I am not sure I was able to correctly parse this comment, but you seem to be making a few points.
In one place, you question whether the capabilities / alignment distinction exists—I do not really understand the relevance, since I nowhere suggested pure alignment work, only uploading / emulation etc. This also seems to be somewhat in tension with the rest of your comment, but perhaps it is only an aside and not load bearing?
Your main point, as I understand it, is that alignment may actually be tractable to solve, and a focus on uploading is an excuse to delay alignment progress and then (as you seem to frame my suggestion) have an upload solve it all at once. And this does not allow incremental progress or partial solutions until uploading works.

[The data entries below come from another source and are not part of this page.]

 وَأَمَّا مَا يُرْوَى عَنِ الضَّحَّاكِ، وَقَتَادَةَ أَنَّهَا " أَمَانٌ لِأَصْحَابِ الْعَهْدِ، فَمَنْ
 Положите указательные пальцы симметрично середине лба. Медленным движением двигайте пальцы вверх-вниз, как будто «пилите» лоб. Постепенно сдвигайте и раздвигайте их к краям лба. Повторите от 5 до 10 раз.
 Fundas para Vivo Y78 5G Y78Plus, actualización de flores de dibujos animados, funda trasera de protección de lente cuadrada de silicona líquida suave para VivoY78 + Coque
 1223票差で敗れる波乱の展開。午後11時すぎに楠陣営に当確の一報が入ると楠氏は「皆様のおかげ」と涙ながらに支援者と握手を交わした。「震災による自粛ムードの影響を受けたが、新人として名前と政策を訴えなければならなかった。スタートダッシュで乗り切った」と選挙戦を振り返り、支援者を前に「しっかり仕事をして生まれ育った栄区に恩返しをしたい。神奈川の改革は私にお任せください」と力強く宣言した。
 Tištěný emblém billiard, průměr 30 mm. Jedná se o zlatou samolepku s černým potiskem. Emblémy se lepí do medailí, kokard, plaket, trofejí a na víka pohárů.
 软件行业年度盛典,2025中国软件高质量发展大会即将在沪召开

...then you veer into speculation about the motives / psychology of MIRI and the superalignment team which is interesting but doesn’t seem central or even closely connected to the discussion at hand.

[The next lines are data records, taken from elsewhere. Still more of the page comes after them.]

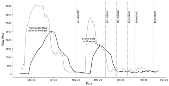 River flow data obtained from Water NSW (www.realtimedata.waternsw.com.au, accessed on 12 June 2024) at Hillston weir (grey) and Booligal (black) with translucent and environmental flow (e-flow) pulses labelled. Vertical dashed lines show dates mapped using AIM.
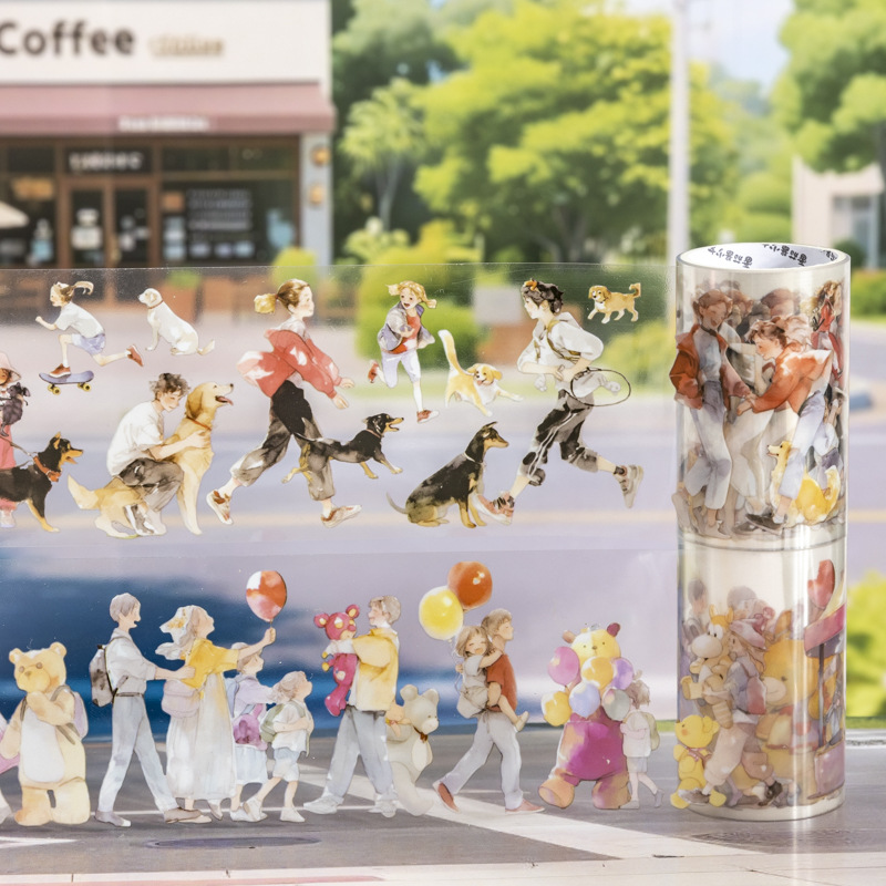 番茄酱造景PET胶带 人来人往 城市人物素材手账diy场景装饰拼贴画
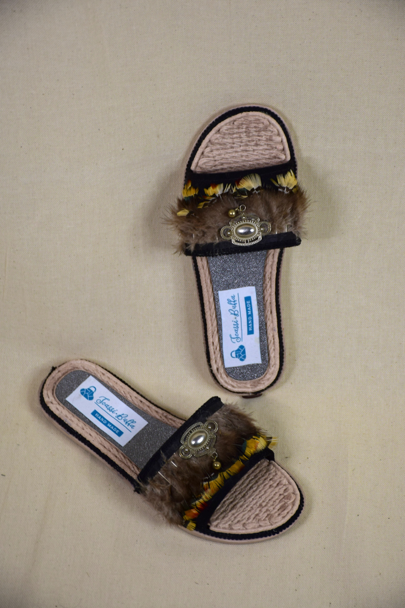 Sandalias, base negra, planta goma,decorada con plumas.Mide 26,5
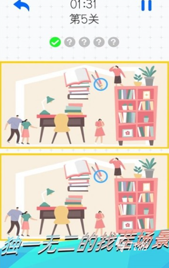游戲以精致細(xì)膩和色彩明快的手繪風(fēng)格畫面,瞬間捕獲玩家的目光。游戲中蘊藏著大量精心設(shè)計的關(guān)卡,每一關(guān)都等待著玩家的耐心探索,只有找出所有細(xì)微差別,才能順利解鎖下一輪挑戰(zhàn)。關(guān)卡設(shè)計豐富多彩,每一張圖片都藏著不一樣的驚喜,等待著玩家體驗一場場新穎的找茬盛宴,感受那份只屬于尋異趣玩的獨特快感。游戲還配備了輕松愉悅的背景音樂和恰到好處的音效,它們可以撫平玩家一天的疲憊與緊張,讓玩家在享受游戲的同時,也能得到心靈的放松。
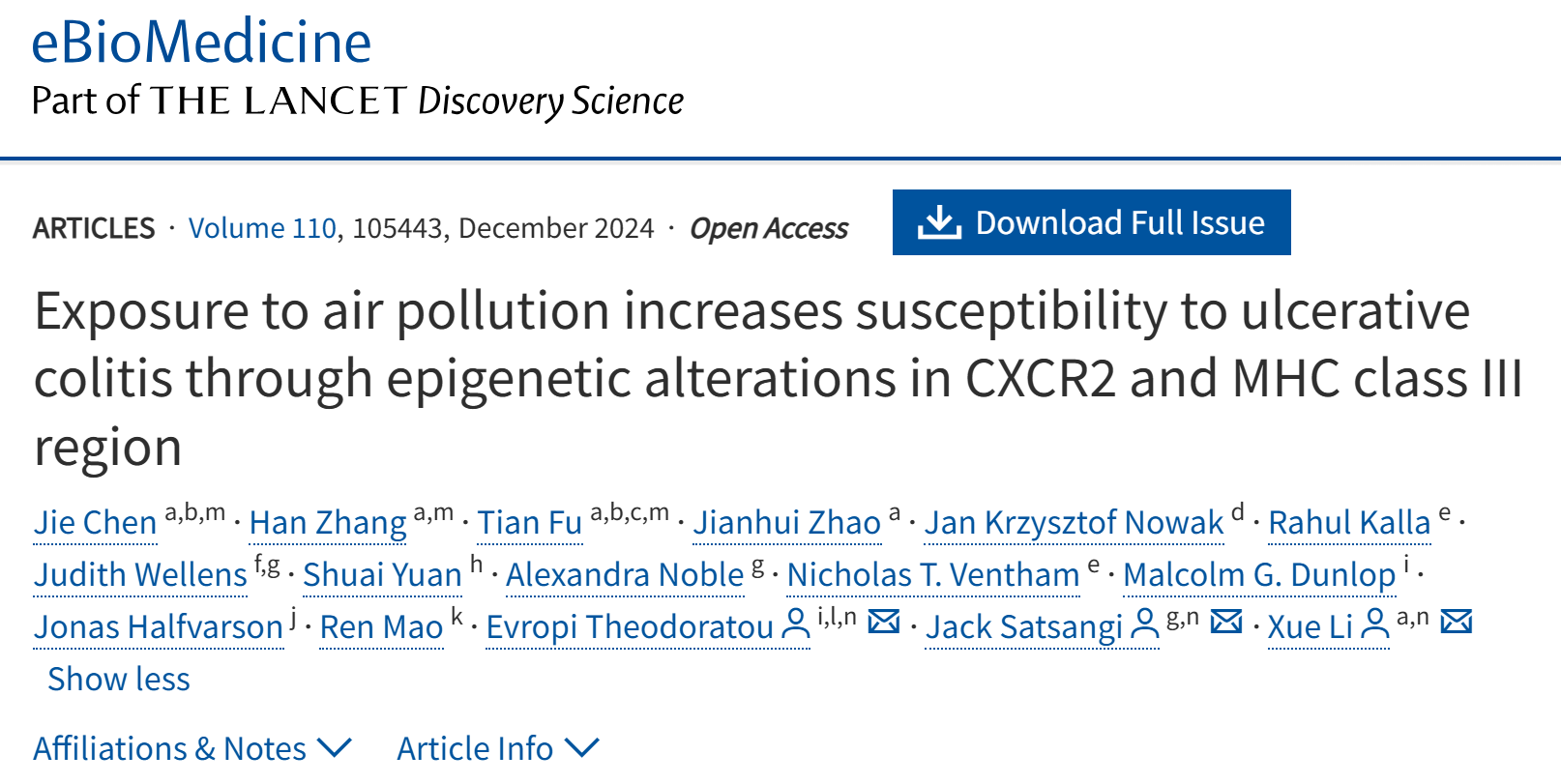 近期,中南大学湘雅三医院消化内科陈杰特聘副教授团队在柳叶刀子刊、研究与试验Top期刊eBioMedicine (IF 9.7) 发表原创性研究论文《空气污染暴露通过CXCR2和MHC III区域的表观遗传改变增加溃疡性结肠炎的发病风险 (Exposure to air pollution increases susceptibility to ulcerative colitis through epigenetic alterations in CXCR2 and MHC class III region)》,首次揭示了空气污染通过改变表观遗传修饰影响溃疡性结肠炎 (UC) 发病机制,并通过环境与表观遗传修饰的交互,阐明了调控表观遗传位点对于防治空气污染对肠道损伤及UC发病的潜在防治靶点,对溃疡性结肠炎的精准预防具有重要指导意义。消化内科医师/特聘副教授陈杰为论文第一作者,消化内科双聘PI浙江大学李雪研究员为论文通讯作者。
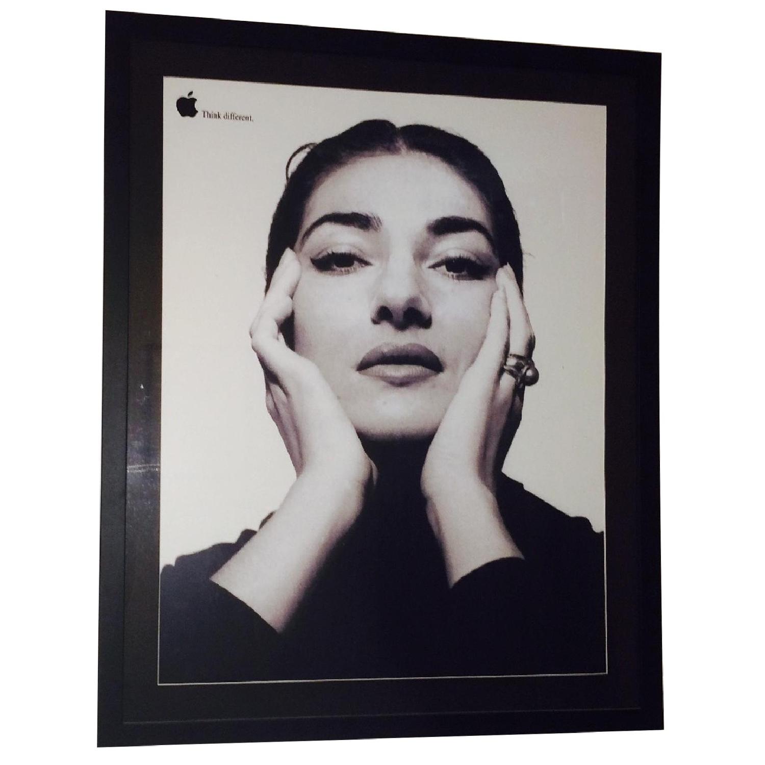 Seller's Notes:Reproduction of rare Maria Callas poster from 1990s era Apple "Think Different" campaign. Beautifully framed in matte black frame with white mounting behind glass.
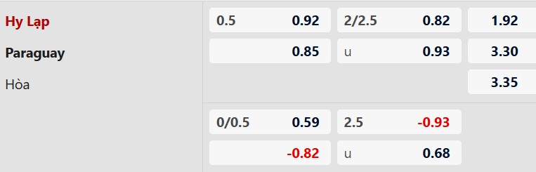 Thông tin tỷ lệ kèo Hy Lạp vs Paraguay:
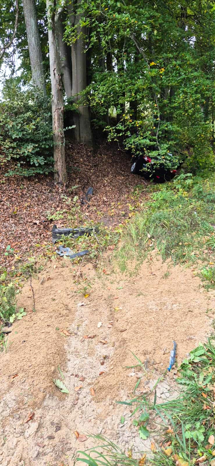 81 - latek kierujący mitsubishi wjechał w drzewo. Do groźnie wyglądającej kolizji, do doszło wczoraj (30.09.) na drodze wojewódzkiej 235 w Dziemianach:
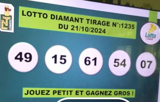 Bonjour chers lecteurs et parieurs, et bienvenue sur le blog www.loterie-togo.com. Le moment tant attendu est afin là, voici les résultats ou numéros gagnants du lotto DIAMANT tirage 1235 de ce lundi 21 Octobre 2024.
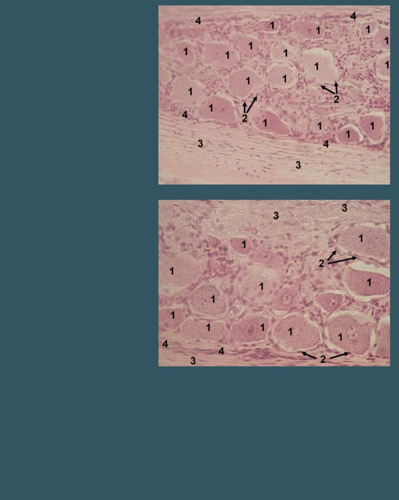 1 - тела нейронов (псевдоуниполярные нейроны) 2 - клетки-сателлиты 3 - нервные волокна

So I will focus on the main point here. I have a lot of disagreements with it.
I think you may misunderstand my plan here—you seem to characterize the idea as making uploads, and then setting them loose to either self-modify etc. or mainly to work on technical alignment. Actually, I don’t view it this way at all. Creating the uploads (or emulations, if you can get a provably safe imitation learning scheme to work faster) is a weak technical solution to the alignment problem—now you have something aligned to (some) human(’s) values which you can run 10x faster, so it is in that sense not only an aligned AGI but modestly superintelligent. You can do a lot of things with that—first of all, it automatically hardens the world significantly: it lowers the opportunity cost for not building superintelligence because now we already have a bunch of functionally genius scientists, you can drastically improve cybersecurity, and perhaps the uploads make enough money to buy up a sufficient percentage of GPU’s that whatever is left over is not enough to outcompete them even if someone creates an unaligned AGI. Another thing you can do is try to find a more scalable and general solution to the AI safety problem—including technical methods like agent foundations, interpretability, and control, as well as governance. But I don’t think of this is as the mainline path to victory in the short term.

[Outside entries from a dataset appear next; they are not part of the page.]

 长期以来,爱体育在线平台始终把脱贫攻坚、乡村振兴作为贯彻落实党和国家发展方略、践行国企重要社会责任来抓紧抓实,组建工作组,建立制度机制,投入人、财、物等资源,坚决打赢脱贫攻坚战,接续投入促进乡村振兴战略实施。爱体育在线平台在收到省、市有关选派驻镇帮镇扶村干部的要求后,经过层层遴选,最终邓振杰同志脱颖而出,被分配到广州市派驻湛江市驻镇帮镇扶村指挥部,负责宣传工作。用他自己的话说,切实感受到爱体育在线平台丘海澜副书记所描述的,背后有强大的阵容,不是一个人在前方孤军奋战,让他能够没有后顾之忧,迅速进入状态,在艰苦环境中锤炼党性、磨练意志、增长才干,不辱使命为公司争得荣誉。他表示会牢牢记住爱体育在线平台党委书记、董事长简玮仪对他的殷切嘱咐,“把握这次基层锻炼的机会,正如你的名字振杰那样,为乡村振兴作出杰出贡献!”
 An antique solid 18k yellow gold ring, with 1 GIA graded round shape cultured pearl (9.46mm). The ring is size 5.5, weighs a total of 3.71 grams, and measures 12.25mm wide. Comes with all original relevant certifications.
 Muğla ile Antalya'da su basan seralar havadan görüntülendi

Perhaps you are worried that uploads will recklessly self-modify or race to build AGI. I don’t think this is inevitable or even the default. There is currently no trillion dollar race to build uploads! There may be only a small number of players, and they can take precautions, and enforce regulations on what uploads are allowed to do (effectively, since uploads are not strong superintelligences) and technically it even seems hard for uploads to recursively self-improve by default (human brains are messy, they don’t even need to be given read/write access). Even some uploads escaped, to recursively self-improve safely they would need to solve their own alignment problem and it is not in their interests to recklessly forge ahead, particularly if they can be punished with shutdown and are otherwise potentially immortal. I suspect that most uploads who try to foom will go insane, and it is not clear that the power balance favors any rogue uploads who fare better.
I also don’t agree that there is no incremental progress on the way to full uploads—I think you can build useful rationality enhancing artifacts well before that points—but that is maybe worth a post.
Finally, I do not agree with this characterization of trying to build uploads rather than just solving alignment. I have been thinking about and trying to solve alignment for years, I see serious flaws in every approach, and I have recently started to wonder if alignment is just uploading with more steps anyway. So, this is more like my most promising suggestion for alignment, rather than giving up on solving alignment.